### TASK STATEMENT
Print every line below exactly as written, but leave the pictures behind.

### DATASET SECTION

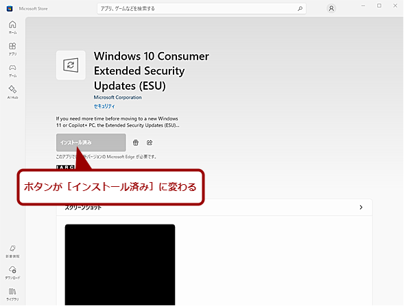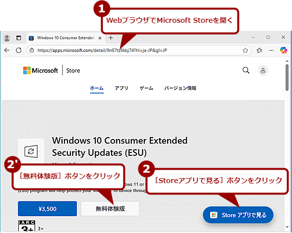 では、実際にMicrosoft StoreでESUを購入するとどうなるのかを試してみよう。原稿執筆時点では、「Microsoft Store」アプリの検索では、ESUの購入ページが見つからなかった。以下のURLをMicrosoft Edgeで開いて、画面右下に表示されている[Storeアプリで見る]ボタンをクリックして、Microsoft Storeを起動する。他のWebブラウザで開いてしまった場合は、[無料体験]ボタンをクリックすればよい。
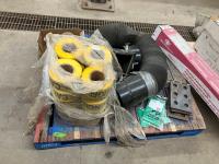 Roll of canvas material, qty of poly, various hardware, 4 way cross wrench, waterproof membrane, paint roller tray, circular saw blades, ice melter
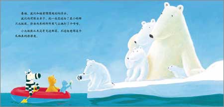 《泰迪波比和迪兹的第一次冒险》:晴朗的一天,小熊泰迪、波比和小斑马迪兹三个好朋友一起到海边玩。他们划着小皮艇来到大海上,遇见了一块浮冰上的北极熊一家和一只小海豹,大家成了好朋友,一起玩耍。玩着玩着,浮冰突然裂成了两块,还变得越来越小了。但是小皮艇根本装不下所有人。这时,泰迪灵机一动,划着小皮艇找来鲸一家帮忙送北极熊一家和小海豹回家,而浮冰也化成了水。最后,三个好朋友划着小皮艇又遇见了一块更大的浮冰,上面有许多企鹅。
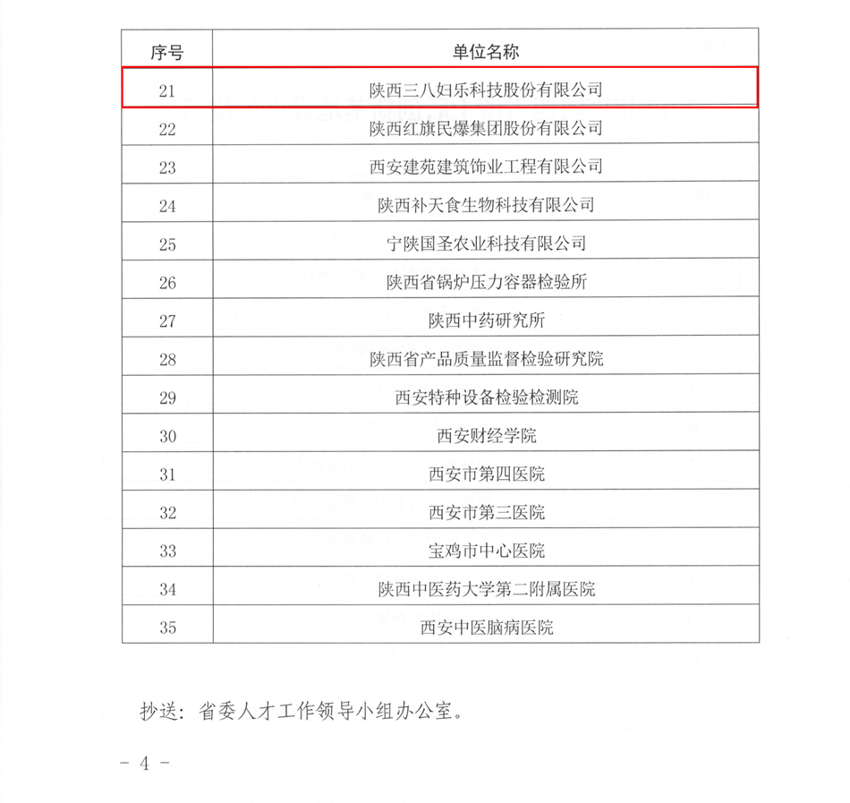 日前,陜西省人力資源和社會保障廳發(fā)布了2017年陜西省博士后創(chuàng)新基地名單,陜西三八婦樂科技股份有限公司成功入選。

### EXPECTED OUTPUT
 では、実際にMicrosoft StoreでESUを購入するとどうなるのかを試してみよう。原稿執筆時点では、「Microsoft Store」アプリの検索では、ESUの購入ページが見つからなかった。以下のURLをMicrosoft Edgeで開いて、画面右下に表示されている[Storeアプリで見る]ボタンをクリックして、Microsoft Storeを起動する。他のWebブラウザで開いてしまった場合は、[無料体験]ボタンをクリックすればよい。
 Roll of canvas material, qty of poly, various hardware, 4 way cross wrench, waterproof membrane, paint roller tray, circular saw blades, ice melter
 《泰迪波比和迪兹的第一次冒险》:晴朗的一天,小熊泰迪、波比和小斑马迪兹三个好朋友一起到海边玩。他们划着小皮艇来到大海上,遇见了一块浮冰上的北极熊一家和一只小海豹,大家成了好朋友,一起玩耍。玩着玩着,浮冰突然裂成了两块,还变得越来越小了。但是小皮艇根本装不下所有人。这时,泰迪灵机一动,划着小皮艇找来鲸一家帮忙送北极熊一家和小海豹回家,而浮冰也化成了水。最后,三个好朋友划着小皮艇又遇见了一块更大的浮冰,上面有许多企鹅。
 日前,陜西省人力資源和社會保障廳發(fā)布了2017年陜西省博士后創(chuàng)新基地名單,陜西三八婦樂科技股份有限公司成功入選。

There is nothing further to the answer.